An international group of astronomers believe they have discovered the first “isolated” stellar-mass black hole wandering through interstellar space. The team used the Hubble Space Telescope to reveal the black hole, which lies roughly 5000 light-years away in the constellation Sagittarius.
Black holes with masses comparable to stars have been detected in our galaxy before, but their presence has always been inferred either by their interactions with a companion star, which create a glow at X-ray wavelengths, or from the gravitational waves that are produced when they collide. This new finding, however, is the first time that one has been clearly identified in isolation.
This kind of work is incredibly important in that it contributes towards a complete census of the black hole population
Vivienne Baldassare
The discovery was made using a technique known as “astrometric microlensing”, which uses the fact that a mass moving through space can act like a gravitational lens. This lens distorts both the brightness and, crucially, the apparent position of stars along the line of sight of the observer far beyond the mass itself.
For years astronomers have been carefully watching Milky Way “star fields” looking for these characteristic deflections and brightness changes. In 2011 such a warping of a distant star was caught by telescopes in New Zealand and Chile. That event was intriguing enough that it set in motion an extensive follow-up study, using Hubble, to examine how the background star’s light was being shifted and what might be causing it.
“We had to continue observing, once every six months to a year, for six years,” says Kailash Sahu from the Space Telescope Science Institute in Baltimore, US, who is lead author of the new study.
Hubble’s capabilities allowed Sahu and colleagues to measure the apparent tweaking of the star’s position with an extraordinary precision of roughly 0.2 milli-arcseconds. “[That is] about 10 million times smaller than the diameter of the full Moon,” explains Martin Dominik, one of the researchers involved with the study, who is based at the University of St Andrews, UK.
Getting a kick
The amount of deflection observed during the six-year study suggests that the object creating the gravitational lens has a mass about seven times that of the Sun. The scientists argue that this mass cannot be a regular star or a multiple star system because there would be radiation visible from those phenomena – and no such light has been detected. It’s also too hefty to be a stellar remnant known as a white dwarf.
“Moreover, the inferred mass is too large for the gravitational lens being a binary neutron star,” adds Dominik. This and other evidence, the team says, points to the object being a solitary stellar-mass black hole.

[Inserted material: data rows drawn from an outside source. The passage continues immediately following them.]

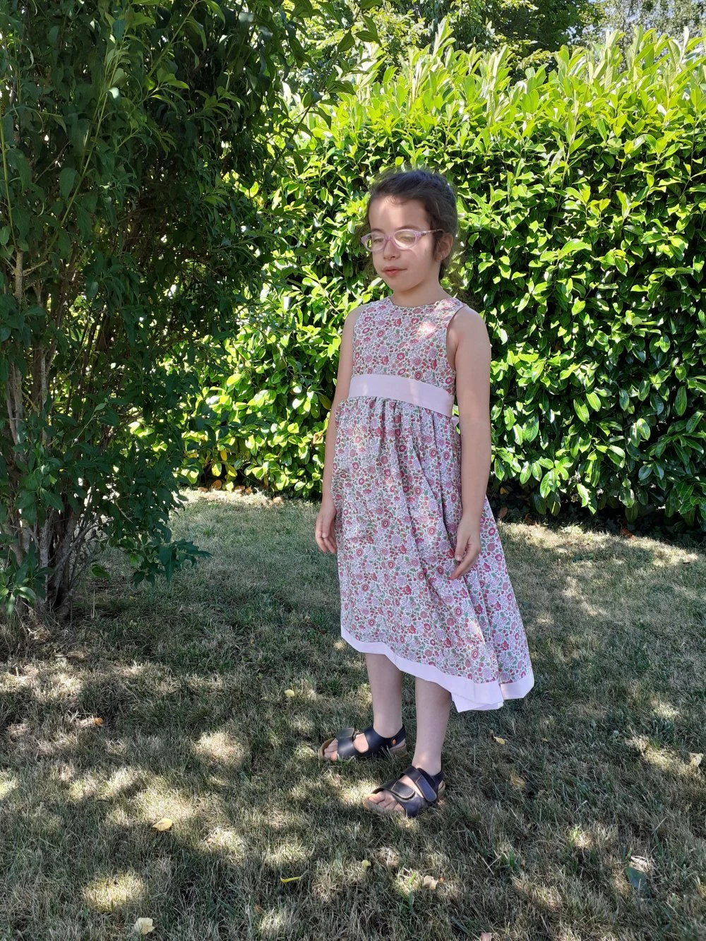 Jolie robe cérémonie pour petite fille dans un style bohème et romantique, entièrement personnalisable dans le choix de vos cotons uni ou fleuris. robe chic épurée avec une touche champêtre et vintage donné par la ceinture à nouer dans le dos.
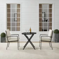 3pc Thatcher Outdoor Steel Conversation Set Creme/Driftwood – Crosley
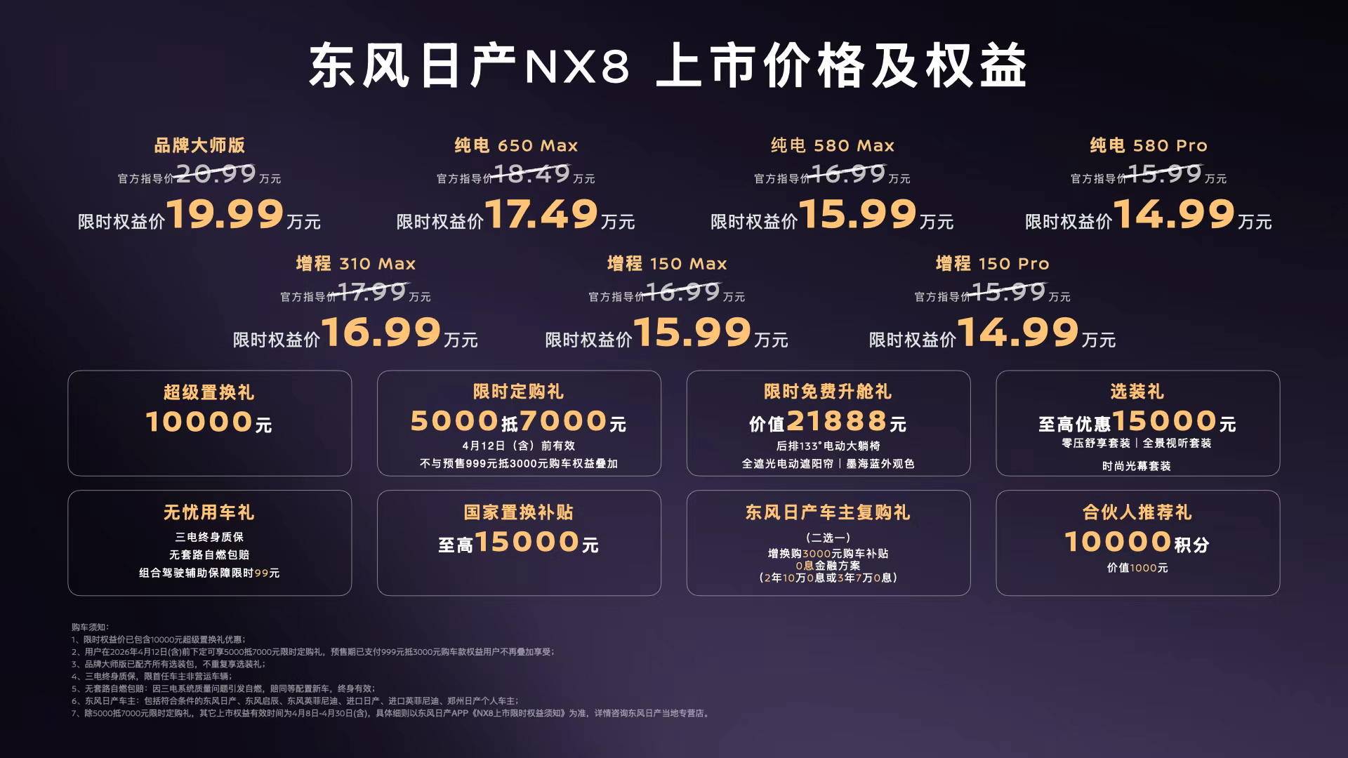 NX8的核心竞争策略可以归结为:在14.99-19.99万元的限时权益价区间内,提供一套异常清晰且密集的“配置阶梯”,让不同预算的用户都能找到对应选择。

One intriguing quirk of the black hole is that its speed through the Milky Way is a staggering 162,000 kilometres per hour. That, according to Sahu, means it is outpacing “almost all” the stars in its surroundings. “Since none of the other stars are moving this fast, we think this must be because [the black hole] got a ‘kick’ during the supernova explosion that produced [it],” he says. Portrait of a black hole
Vivienne Baldassare, a black-hole expert at Washington State University in the US, who was not involved in the new study says it is a “remarkable result” and an “impressive” feat of observational astronomy. “This kind of work is incredibly important in that it contributes towards a complete census of the black hole population and towards understanding the formation and evolution of stellar-mass black holes,” she says. “Future events should be discoverable with facilities like the Vera C Rubin Observatory, which will allow us to further constrain the number of stellar-mass black holes in our galaxy and their properties.”